In the light of a long fine of authorities, but one or two of which we shall particularly notice, it is clear enough that the plaintiff’s proposition at the best is but a doubtful one and that the record exhibits no proper case for the entry of a summary judgment. In Sloss-Sheffield Steel & Iron Co. v. Iron Company, 46 Pa. Superior Ct. 164, Judge Morrison speaking for this court, used this language: “It hardly seems necessary to cite authorities that this alleged parol agreement must be considered with the written contract in determining the rights of the parties, if the defendant can support it by sufficient evidence at the trial. In Thomas & Sons v. Loose, 114 Pa. 35, the late Justice Trtjnkey, speaking for the Supreme Court, said: ‘Parol evidence is admissible to establish a contemporaneous oral agreement, which induced the execution of a written contract, though it may vary, change or reform the instrument.’ See Wheatley v. Niedich, 24 Pa. Superior Ct. 198; Gandy v. Weckerly, 220 Pa. 285.” In Clinch Valley Coal & Iron Co. v. Willing, 180 Pa. 165, Mr. Justice Williams said: “It is a plain fraud to secure the execution of an instrument by representations as to the manner in which payment shall be made, differing in important particulars from those contained in the paper, and, after the paper has been signed, attempt to compel *262literal compliance with its terms, regardless of the contemporaneous agreement without which it would never have been signed at all.” This language is quoted with approval in the later case of Gandy v. Weckerly, 220 Pa. 285, where the entire question was elaborately discussed and many decisions reviewed. In that opinion it was said: “But from Hurst’s Lessee v. Kirkbride (1 Binney 616), decided in 1773, down to the present time, this court has uniformly held, that where at the execution of a writing a stipulation has been entered into, a condition annexed, or a promise made by word of mouth, upon the faith of which the writing has been executed, that parol evidence is admissible, though it may vary and materially change the terms of the contract.”

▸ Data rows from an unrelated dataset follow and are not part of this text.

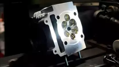 Bukan sekadar pamer jumlah katup, Tim Johan Garage membongkar habis logika engineering konvensional. Di ruang bakar yang sangat sempit, mereka berhasil menanamkan tiga katup isap (21mm, 19mm, 21mm) serta tiga katup buang (19mm, 17mm, 19mm).
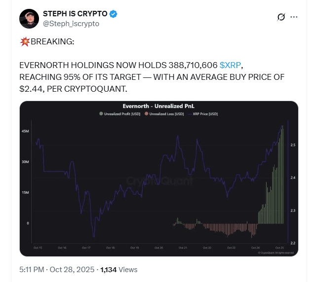 Evernorth Holdings approaches completion of its $XRP accumulation strategy, with unrealized profits climbing as the token rebounds above $ 2.55.
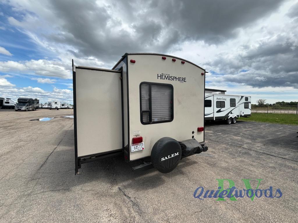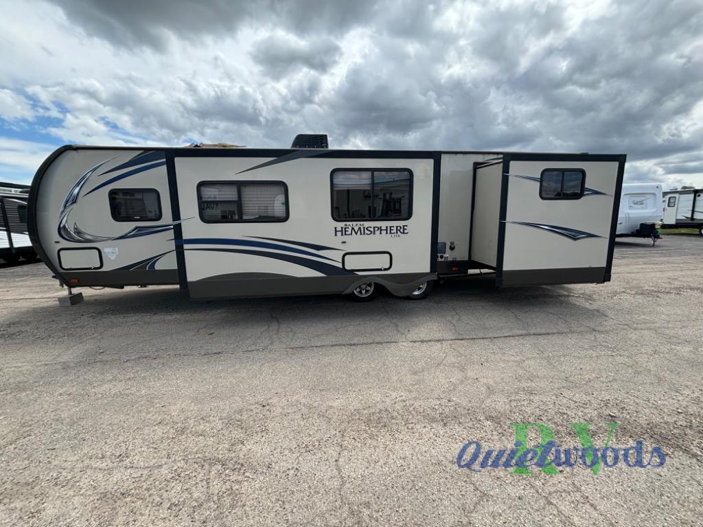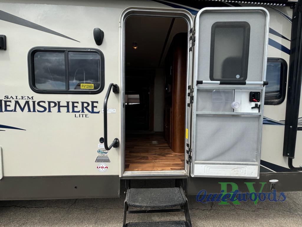 The Salem Hemisphere Lite 312QBUD travel trailer by Forest River offers double slides and a rear bunk house.

Without attempting then to consider or discuss the question as it may be presented upon an appeal by either party after final judgment, we are all of the opinion that the pleadings show no such clear case in favor of the plaintiff as would entitle it to a summary judgment and the learned court below was right therefore in discharging the rule.
Appeal dismissed at the costs of the appellant but without prejudice, etc.